Types of Home Mortgage Insurance Policies Available
Like most major investments you are going to need to have insurance when you take out a mortgage. However in this case the insurance isn't to protect you, it is to protect the lender. Whether you need insurance on your mortgage will be determined by how large a down payment you can make. If it is at all possible you should try to put down enough money to avoid having to pay the insurance.
In almost all cases you are going to have to pay mortgage insurance if you have less than twenty percent to put towards the down payment. This is because of the risk of default on the mortgage to make sure that the lender gets paid in full. The borrower will take out the insurance and pay the premiums and they lender will be listed as a beneficiary. There are rare cases where this won't be required if put down less than twenty percent but it almost always comes at the price of a higher interest rate, hardly a good trade.
When it comes to mortgage insurance you have a few different options depending on your situation. The professionals at Aurora Loan Servicing can help you determine which is best for you. Ideally you are going to want to pay as little as possible for this so it does pay to shop around. In particular for some people there are special programs in place to help keep the costs down, you are going to want to to find out if you qualify for one of these.
The most common form of mortgage insurance, is private insurance.

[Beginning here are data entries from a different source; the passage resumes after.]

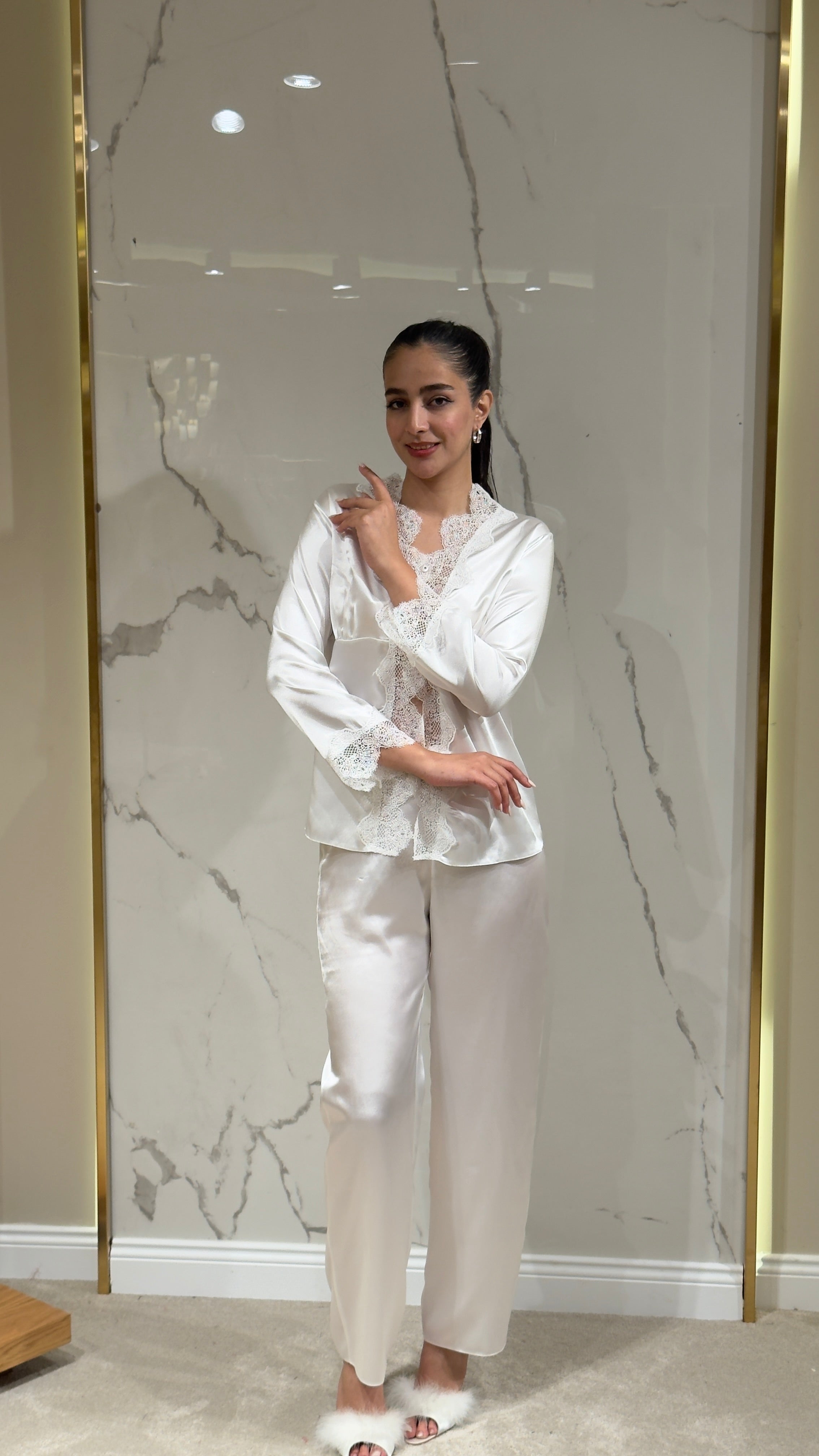 Saten Sabahlık Dantelli - 6'lı Set Takım
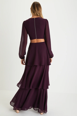Lulus Garden Bliss Cutout Long Sleeve Tiered Maxi Dress Plum Purple Women's XL
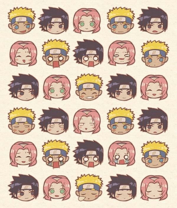 ![Чиби аниме Наруто головы всех персонажей]()
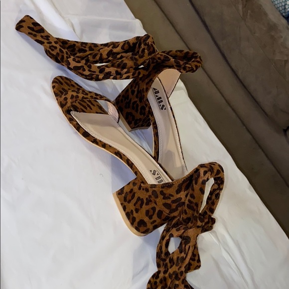 Low heel Cheetah print shoes with a wrap around tie never worn
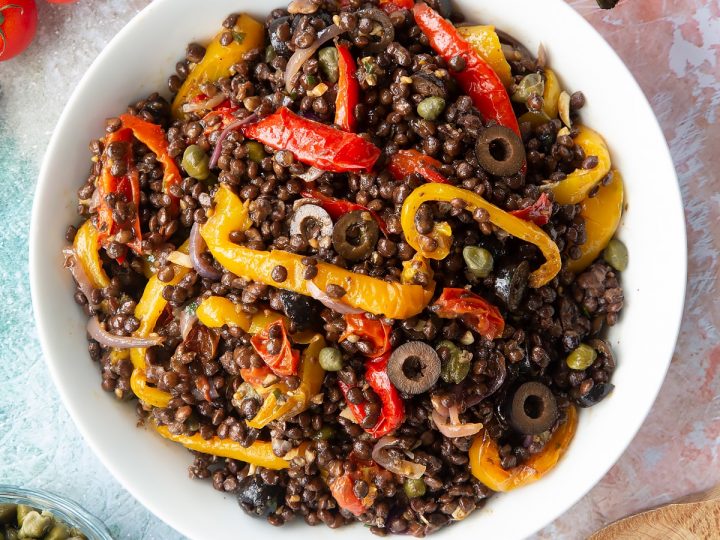 Earthy puy lentils, roasted cherry tomatoes, red onion and sweet peppers, salty black olives and piquant capers make up this delicious and colourful vegan lentil salad.

This is done through a private insurance company. In this case rates are going to vary so you are going to want to shop around. One option that may be able to save you money if you are a veteran is a the mortgage insurance offered by Veterans Affairs. This will be available at a much lower rate to qualified veterans. If you have an FHA loan the insurance will be provided automatically by the FHA. Again this will be at lower rates than you would get if you had to go through a private company.
One important thing to keep in mind about mortgage insurance is that as you build up equity in your home you will reach the point where you no longer need the coverage. When this happens you are going to want to make sure that you stop paying. In the case of FHA loans this will happen automatically when you cross over a certain threshold. In other cases you are going to have to know when you have reached the point that you no longer have to pay the insurance. In many cases it will be necessary to refinance the mortgage just to get rid of the insurance. It is almost always worthwhile to do this since the cost of the insurance can be quite high.